“Are you going let that sorry ass man beat you?”

“He beat everyone else. Why should I be any different?”

“Pathetic is not your color, Elisabeth.”

“You’re not helping,” I groan.

“I taught you to help yourself, child. Sit up, right now. Fight your corner, darling,”

Her command, spoken without raising her voice, has the effect of dunking my head in a bucket of ice water.

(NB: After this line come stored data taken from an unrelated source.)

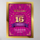 Um doce poster de 16 festas que lembra um concerto ou um poster de circo. Um medalhão encerra as palavras ouros "Doce 16" no topo de um fundo rosa brilhante de explosão. O nome da aniversariante se destaca em uma faixa roxa brilhante. Use como sinal de boas-vindas para seus convidados e adicione uma mensagem especial para todos verem. Disponível com produtos correspondentes. com
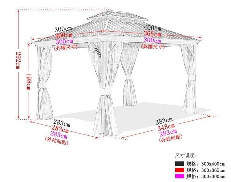3*3 m Gold double top, 3*4 M gold double top, 3*4 M idle Cloud Pavilion, 3*4 m Santorini Luxury Curved Shed, 3...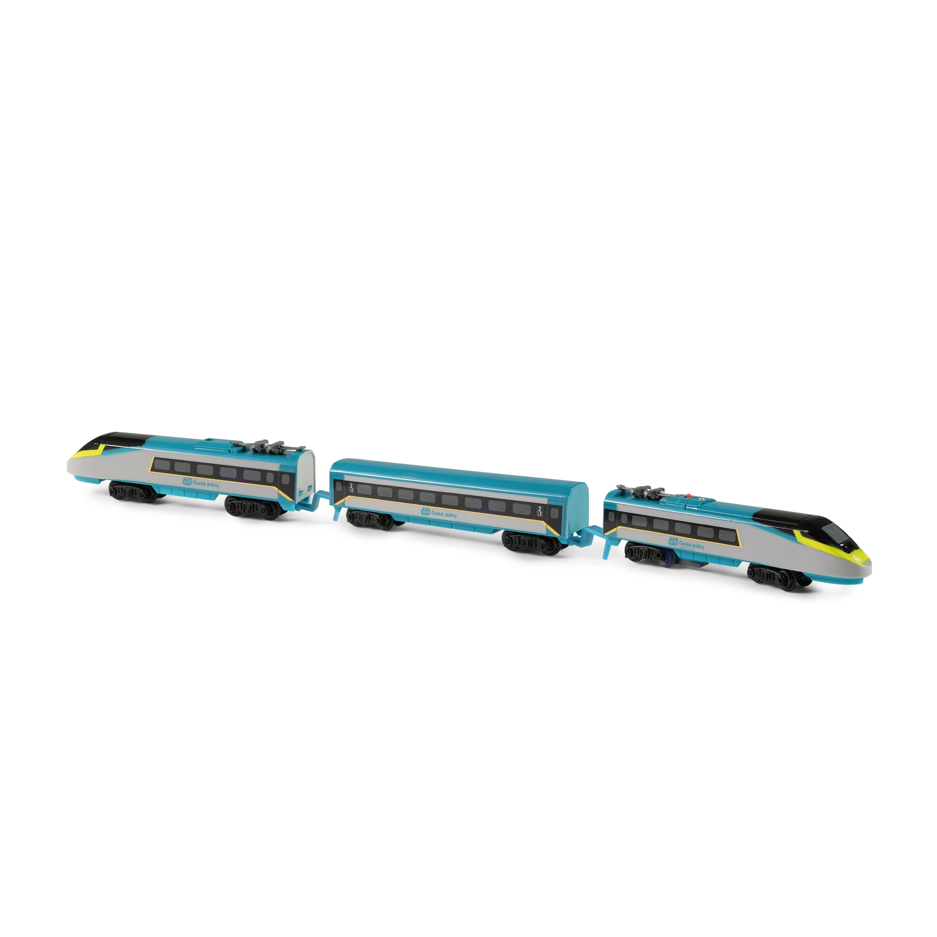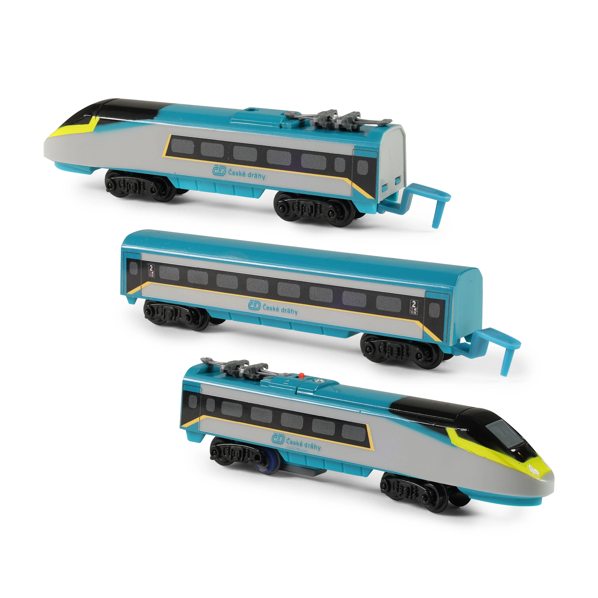 El Pendolino MINI incluye locomotora delantera y trasera y un vagón central de pasajeros con detalles cuidados para una experiencia de conducción auténtica.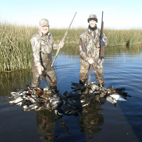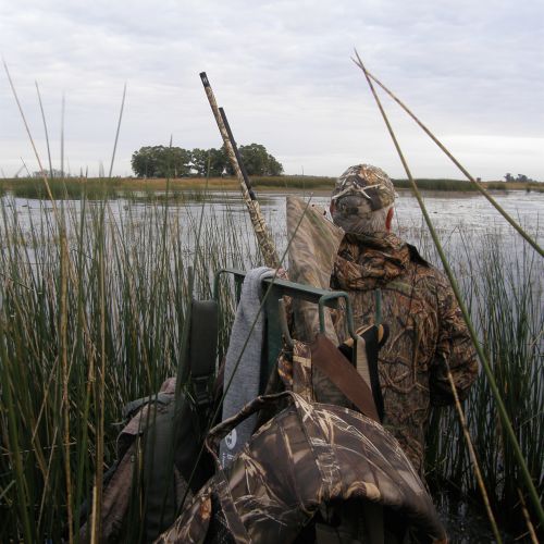Hunters are placed in dry blinds, or large dry, sunken buckets of the style of an individual pit blind, or on platform-pallet blinds, sometimes you will have to hunt with water proof waders.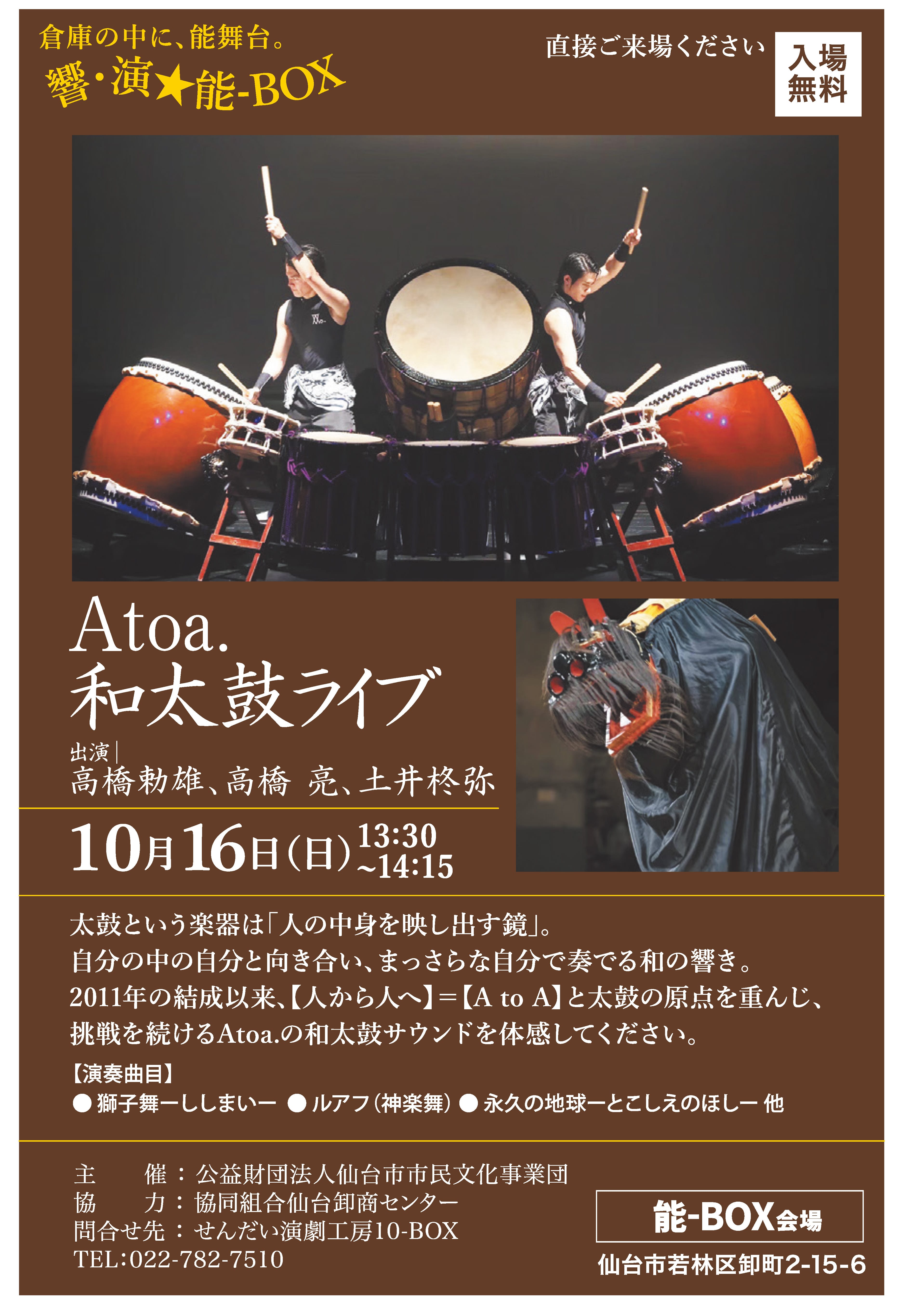 響・演★能-BOX「Atoa.和太鼓ライブ」<2022秋のクロッサム卸町ふれあい市>

As the oldest of five children, with a mother who was chronically ill and a father who drank the way most of us breathed, she managed to raise herself and all of them out of poverty with the sheer force of her determination. She fights for the people she loves and I’m so lucky to be one of them. I don't know what I would have done without her after my mother left. “I’m up and I’m listening.” I say with as much energy as I can muster.

“Good. Now, you’ve been in tighter, darker, more treacherous corners. Right? Tell me what you’re fighting for.”

“Better than I’ve been offered,” I answer, by rote.

“You keep saying that. But what does it mean?”

I frown, at the blank my mind draws. I've been saying it so long, I don’t even think about that anymore. “Well, I’ve been trying to fin

d a job so I can get myself to New York without my father’s help or blessing.”

“Oh my God, Beth.” I can imagine her pulling her hair in frustration.

I’m instantly defensive. “What? It’s true.”

Her answering sigh is weary. “You need to do some soul-searching and be clear about what you really want.”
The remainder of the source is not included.